I hope you are doing well,
Could you help me according to question number 192 which is mentioned in Kaplan Exam kit it says ,
Jones, monthly absorption costing variance analysis report includes a sales mix variance, which indicates the effect on profit of actual sales mix differing from the budget sales mix. the following data are available
Product X product Y
Selling price $12 $11
Less Variable costs $6 $2
Fixed costs $2 $3
Contribution $4 $6
July sales in units
Budget 3000 6000
Actual 2000 8000
Which one of the following best gives the favorable sales mix variance i july.
A. $8000
B. $5333
C. $4000
D. $2667
According to Kaplan the answer is $2667.
According to my answer is $4000.
Actually sir, I had checked the answer mentioned back in kaplan but I found that it took into account the amount of fixed cost into calculation of sales mix variance In other words I mean that I multiplied the difference in units by Standard contribution margin but according to kaplan it used Standard profit per unit.
I know that the company uses Absorption costing techniques but According to my understanding That Fixed Overhead is separated variance.

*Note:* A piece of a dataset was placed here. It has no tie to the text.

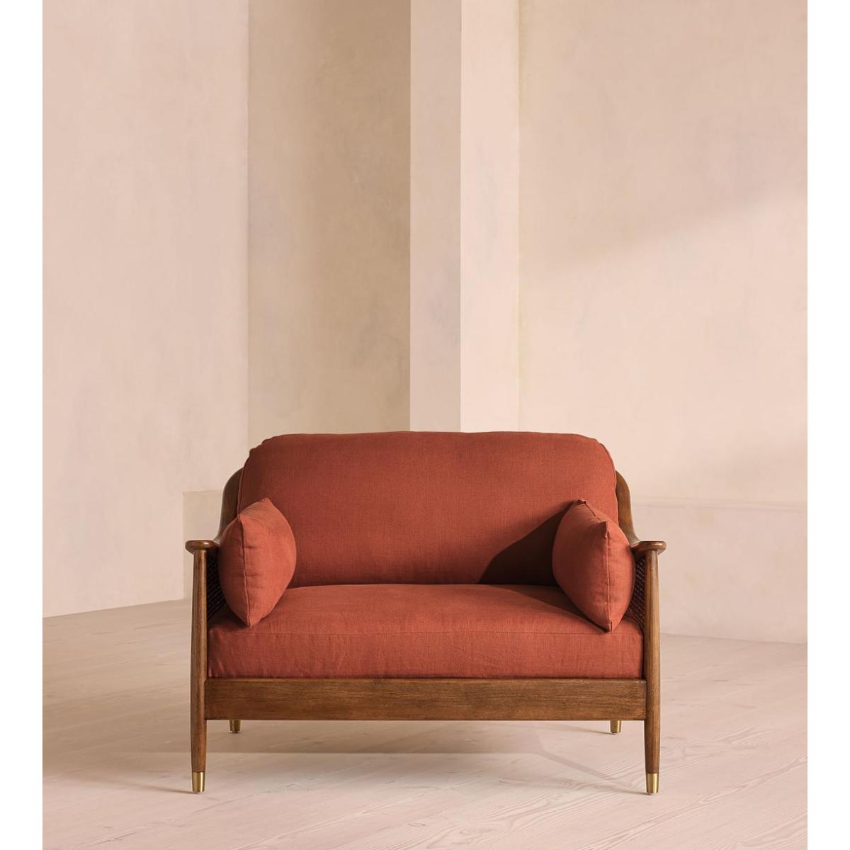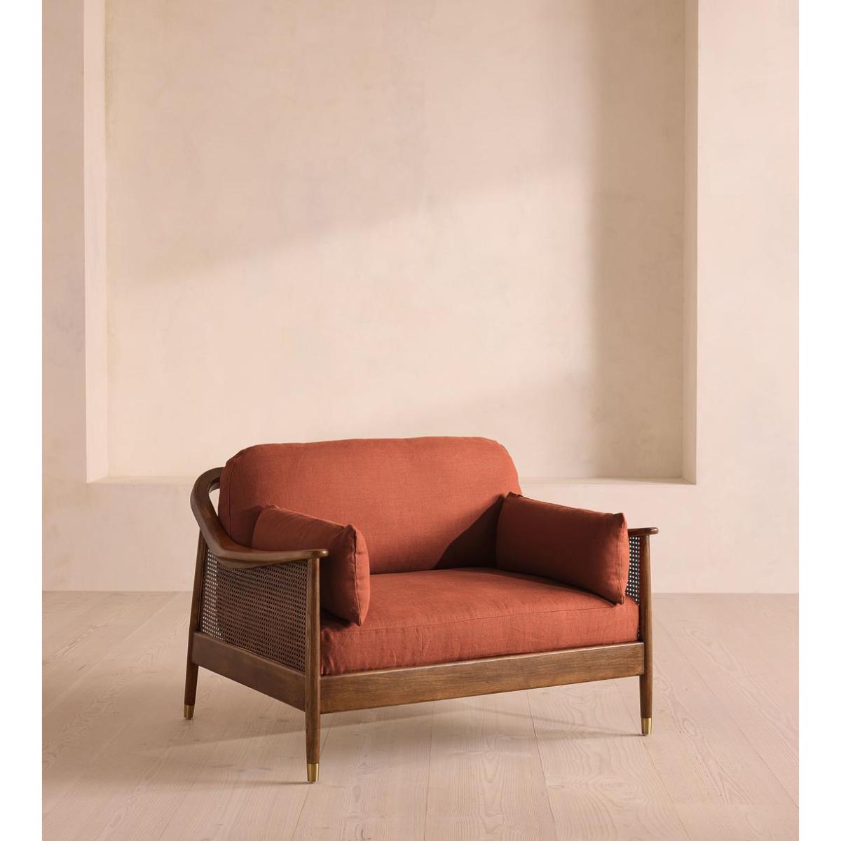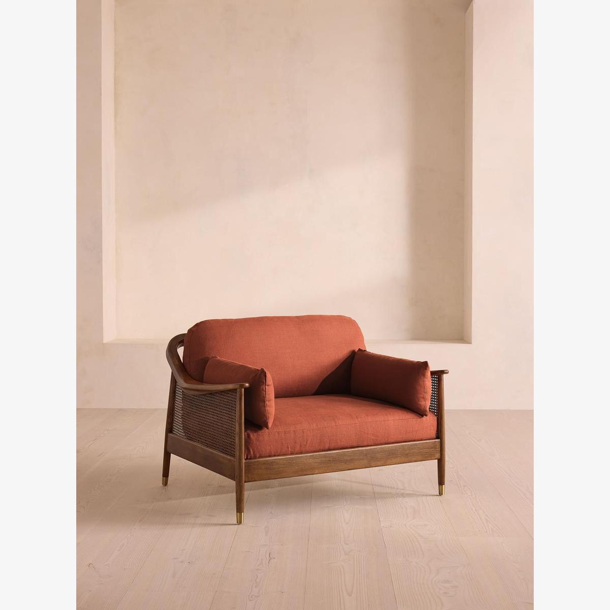 Encased by rattan panelling on either side, a solid oak frame fitted with linen cushions is designed to seat one or two. The Atlanta loveseat takes its inspiration from the design details seen throughout London's Shoreditch House. A solid oak frame finished with capped, antiqued brass feet and rattan panelling on either side is fitted with cushions wrapped in linen. Its upholstery is available in a range of bespoke shades.

Could you clarify when we should use Standard Contribution Margin and when we should use Standard profit I do not speak just about Sales mix variance but about sales variance overall.February 27, 2021 at 3:06 pm #612003Always (not just in mix variances) the sales variance is calculated using standard contribution if it is marginal costing and standard profit if it is absorption costing.
Watch my lectures on basic variances to remind yourself of this.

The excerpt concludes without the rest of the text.